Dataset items
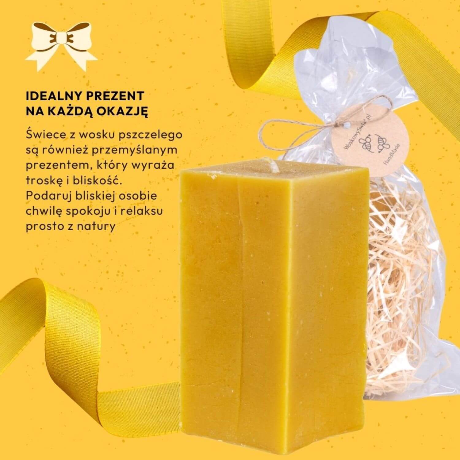 Świeca prostopadłościan gładki duży z wosku pszczelego to bardzo dobry pomysł na prezent. Z pewnością sprawi radość osobom mającym niebanalny styl wystroju wnętrza, jak i tym, którzy kochają kontakt z naturą.
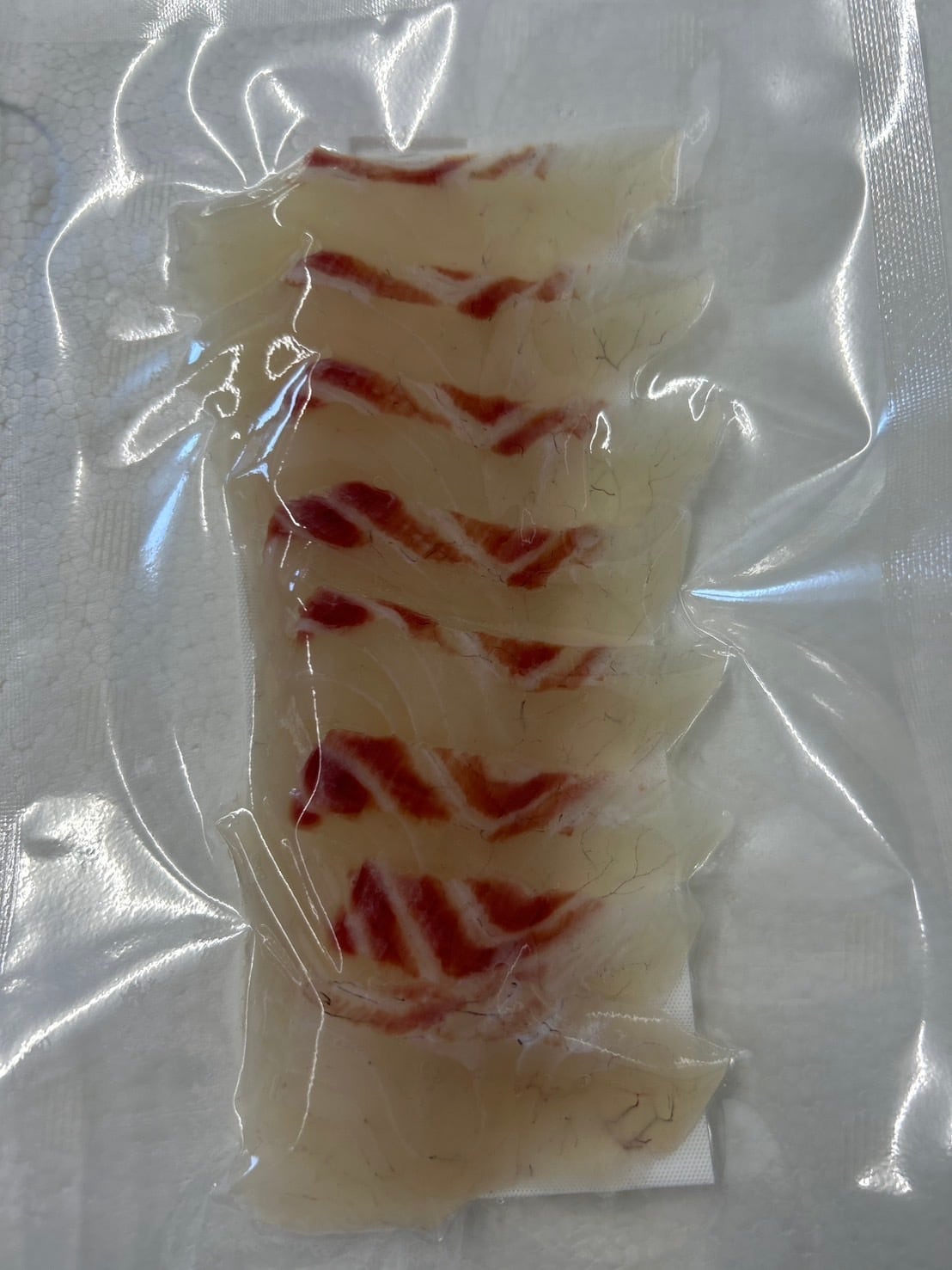 朝採れの駿河湾産マダイを新鮮なうちに捌いてスライス、真空急速冷凍しました。
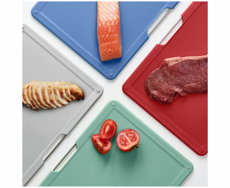 Двусторонние доски с текстурированной режущей поверхностью, удобной для ножей, и нескользящими ножками.
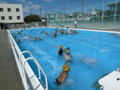 三年生は、プール納めをしました。今まで一生懸命泳いだ成果を発表しました。
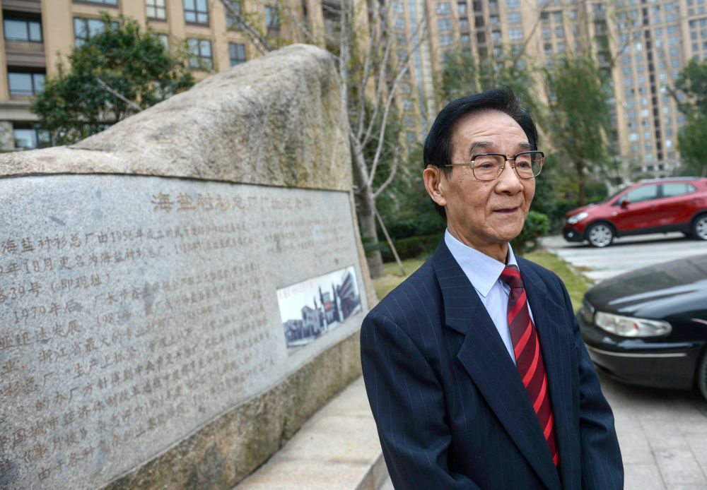 步鑫生在海盐衬衫总厂厂址纪念碑前(2013年11月10日摄)。新华社记者韩传号摄
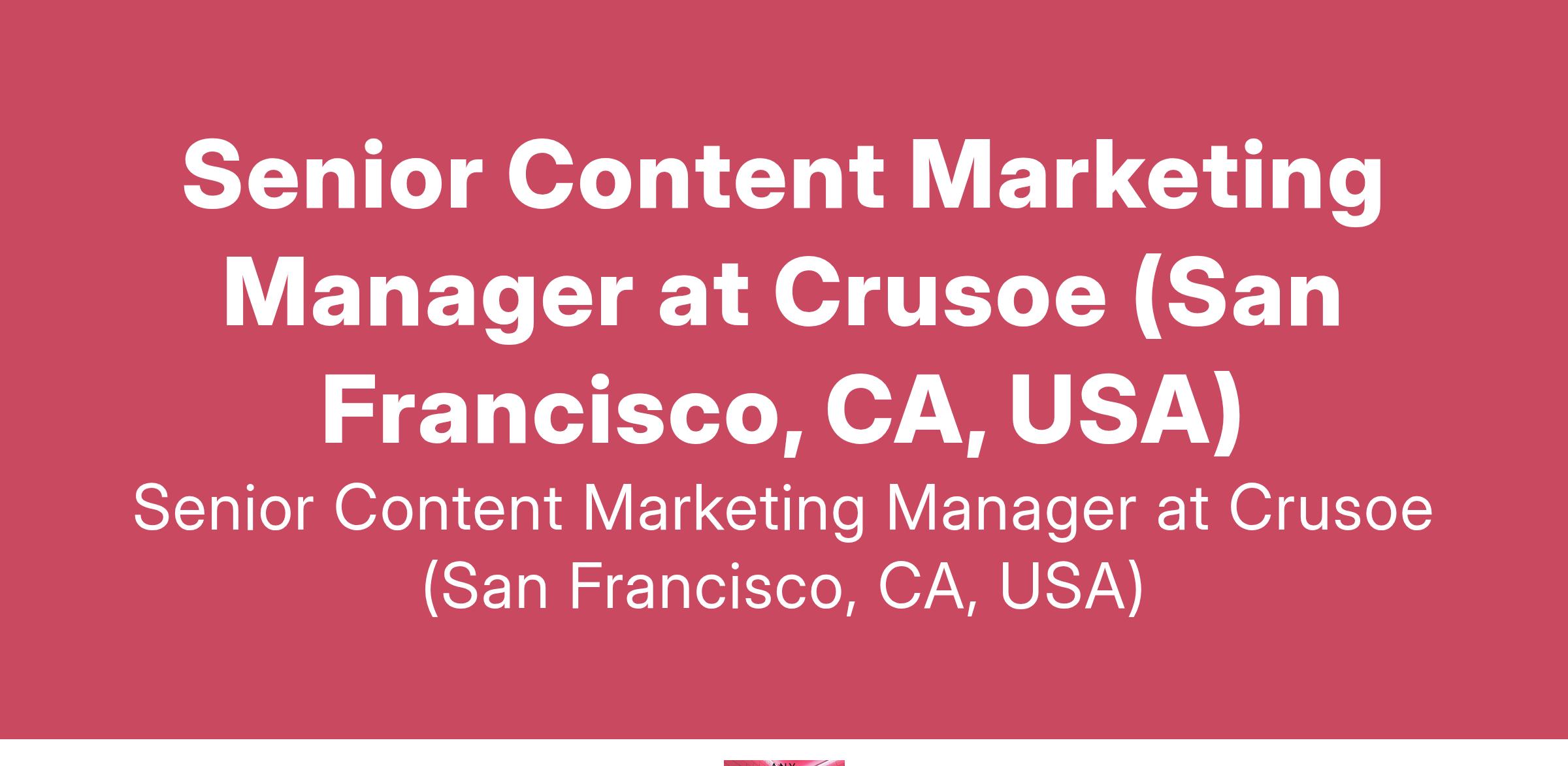 Senior Content Marketing Manager at Crusoe (San Francisco, CA, USA)
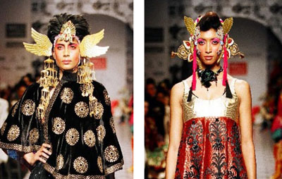 Или же другой вариант в виде крыльев. Дань моде на шляпки с ушами, Shilpa Chavan выразила именно так. Добавив ярких индийских красок, золота и символики в виде перьев. Правда, редкая модница рискнет появиться в чем-то подобном на российских улочках.
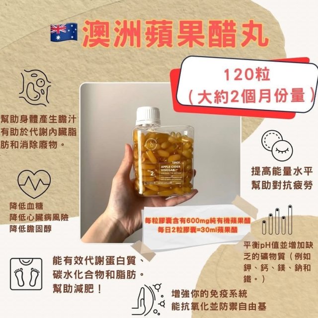 (7月1直播) 澳洲 TONIK No.2 有機蘋果醋膠囊120粒
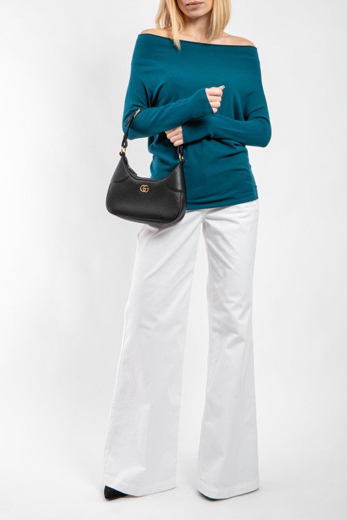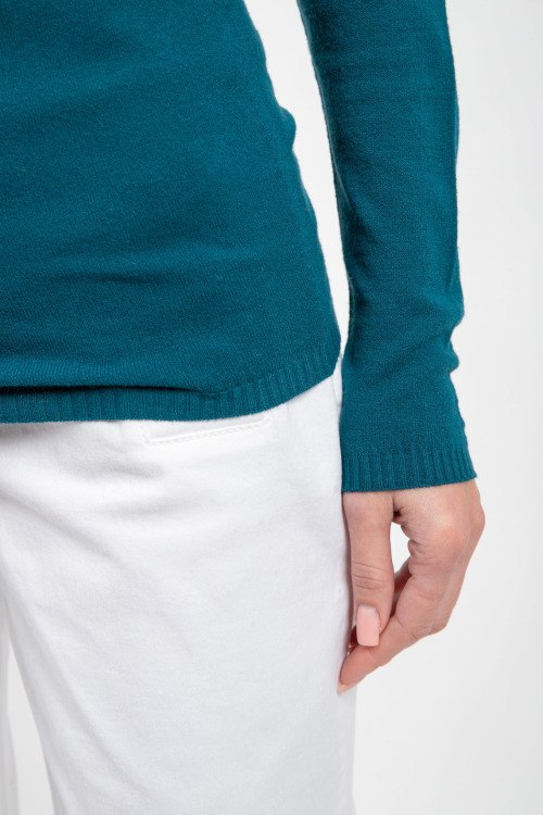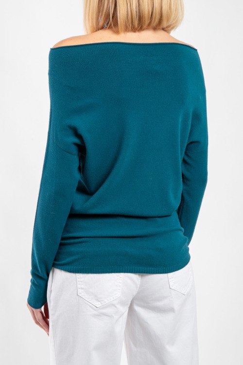 Женский джемпер цвета морской волны из вискозного микса от Kontatto (Контатто). Вырез горловины "лодочка", длинные цельнокроеные рукава. Замеры для размеры UNI: длина: 62 см, ширина по груди: 48 см, ширина по талии: 43 см, ширина по бедрам: 38 см, длина рукава по внутреннему шву: 42 см, ширина рукава: 13 см.
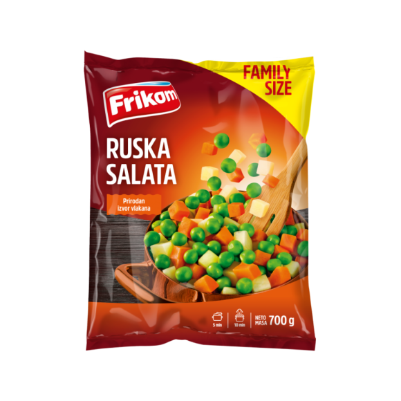 Frikom Mešano povrće za rusku salatu sastoji se od šargarepe i krompira u kockicama i graška. Ova mešavina savršena je za pripremu različitih osvežavajućih jela.
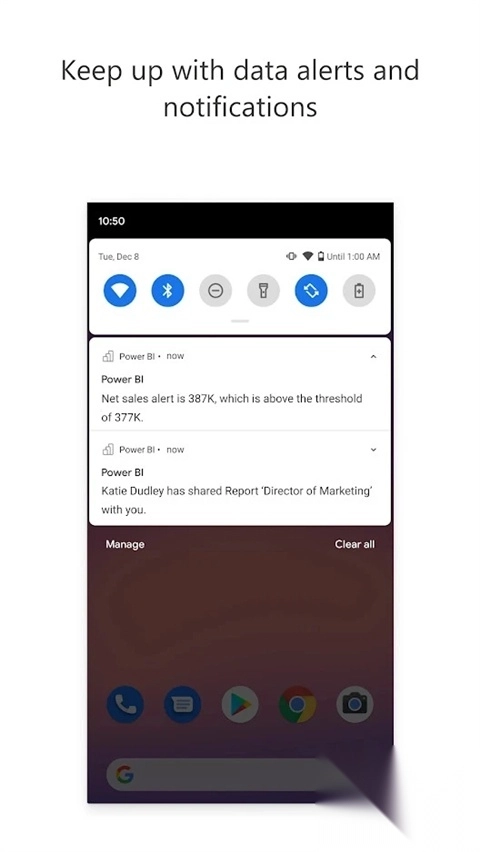 4、通过PowerBI手机版,您能够实现对仪表板的持续移动访问。
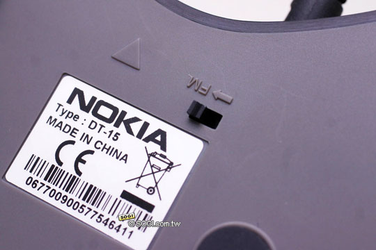 我們將手機放到手機座後,插上電源然後再開啟底座下的 FM 開關就可開始接收廣播訊號,當然手機內也要同時開啟收音機的程式才可以聽。
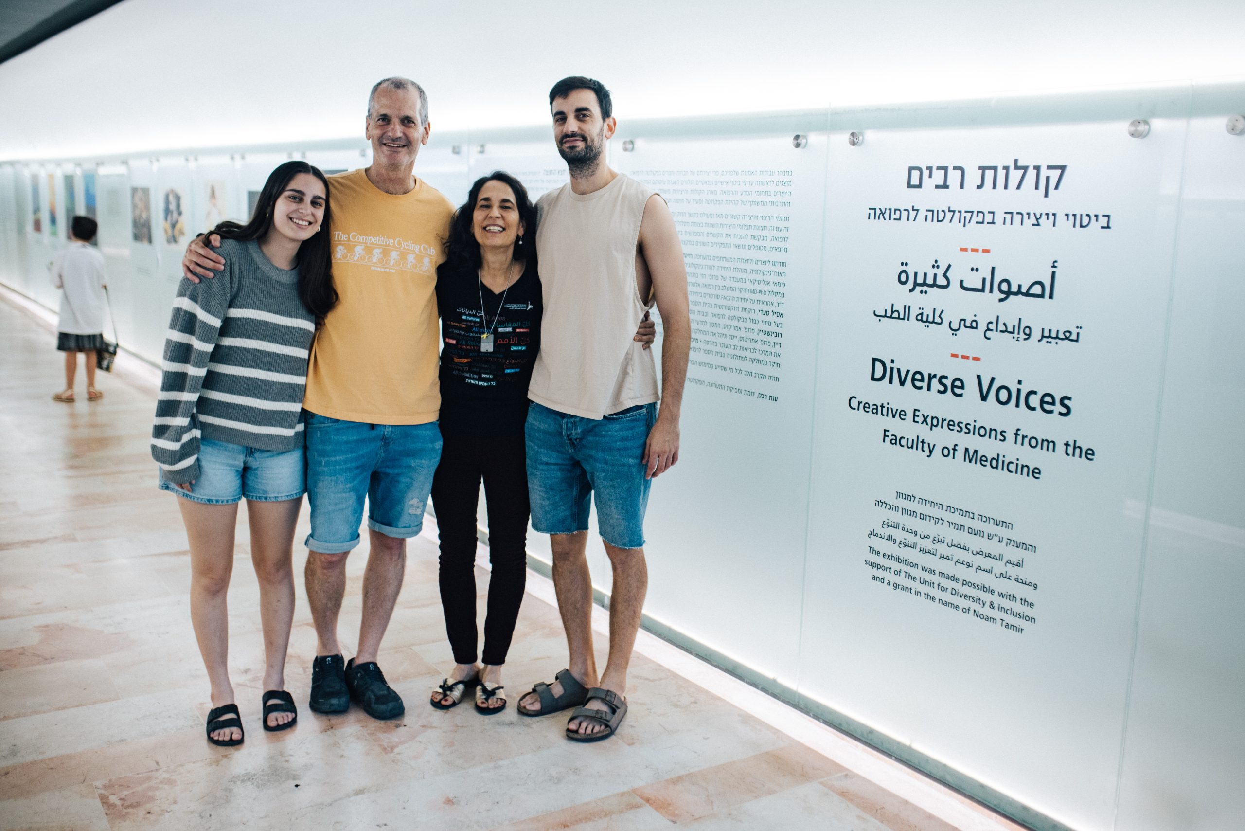 Amid ongoing conflict, the academic year, which started significantly late, ended in mid-July, but not before the exhibition’s opening, which was attended by over 150 guests, including the Dean of the Faculty of Medicine, Professor Eli Pikarsky, the University’s Vice President for Strategy and Diversity, Professor Mona Khoury, the artists, their families and many students and staff members who came to support their colleagues. “I’m excited because it turned out just as I imagined,” Anat said in an interview with BFHU. “Hundreds to thousands of people pass through this tunnel every day, including students, faculty, doctors and researchers. This is an eye-level exhibition; I see people stopping and looking and the fact that these are faculty members whom many visitors know fosters spontaneous conversations between the exhibition visitors and its creators. So far, I’ve received a lot of positive feedback and I’m sure that beyond the pride, it brings a sense of joy to the heart.”

▶ **Activity**
Repeat the lines above exactly, and keep every picture out.

▶ **Solution**
 Świeca prostopadłościan gładki duży z wosku pszczelego to bardzo dobry pomysł na prezent. Z pewnością sprawi radość osobom mającym niebanalny styl wystroju wnętrza, jak i tym, którzy kochają kontakt z naturą.
 朝採れの駿河湾産マダイを新鮮なうちに捌いてスライス、真空急速冷凍しました。
 Двусторонние доски с текстурированной режущей поверхностью, удобной для ножей, и нескользящими ножками.
 三年生は、プール納めをしました。今まで一生懸命泳いだ成果を発表しました。
 步鑫生在海盐衬衫总厂厂址纪念碑前(2013年11月10日摄)。新华社记者韩传号摄
 Senior Content Marketing Manager at Crusoe (San Francisco, CA, USA)
 Или же другой вариант в виде крыльев. Дань моде на шляпки с ушами, Shilpa Chavan выразила именно так. Добавив ярких индийских красок, золота и символики в виде перьев. Правда, редкая модница рискнет появиться в чем-то подобном на российских улочках.
 (7月1直播) 澳洲 TONIK No.2 有機蘋果醋膠囊120粒
 Женский джемпер цвета морской волны из вискозного микса от Kontatto (Контатто). Вырез горловины "лодочка", длинные цельнокроеные рукава. Замеры для размеры UNI: длина: 62 см, ширина по груди: 48 см, ширина по талии: 43 см, ширина по бедрам: 38 см, длина рукава по внутреннему шву: 42 см, ширина рукава: 13 см.
 Frikom Mešano povrće za rusku salatu sastoji se od šargarepe i krompira u kockicama i graška. Ova mešavina savršena je za pripremu različitih osvežavajućih jela.
 4、通过PowerBI手机版,您能够实现对仪表板的持续移动访问。
 我們將手機放到手機座後,插上電源然後再開啟底座下的 FM 開關就可開始接收廣播訊號,當然手機內也要同時開啟收音機的程式才可以聽。
 Amid ongoing conflict, the academic year, which started significantly late, ended in mid-July, but not before the exhibition’s opening, which was attended by over 150 guests, including the Dean of the Faculty of Medicine, Professor Eli Pikarsky, the University’s Vice President for Strategy and Diversity, Professor Mona Khoury, the artists, their families and many students and staff members who came to support their colleagues. “I’m excited because it turned out just as I imagined,” Anat said in an interview with BFHU. “Hundreds to thousands of people pass through this tunnel every day, including students, faculty, doctors and researchers. This is an eye-level exhibition; I see people stopping and looking and the fact that these are faculty members whom many visitors know fosters spontaneous conversations between the exhibition visitors and its creators. So far, I’ve received a lot of positive feedback and I’m sure that beyond the pride, it brings a sense of joy to the heart.”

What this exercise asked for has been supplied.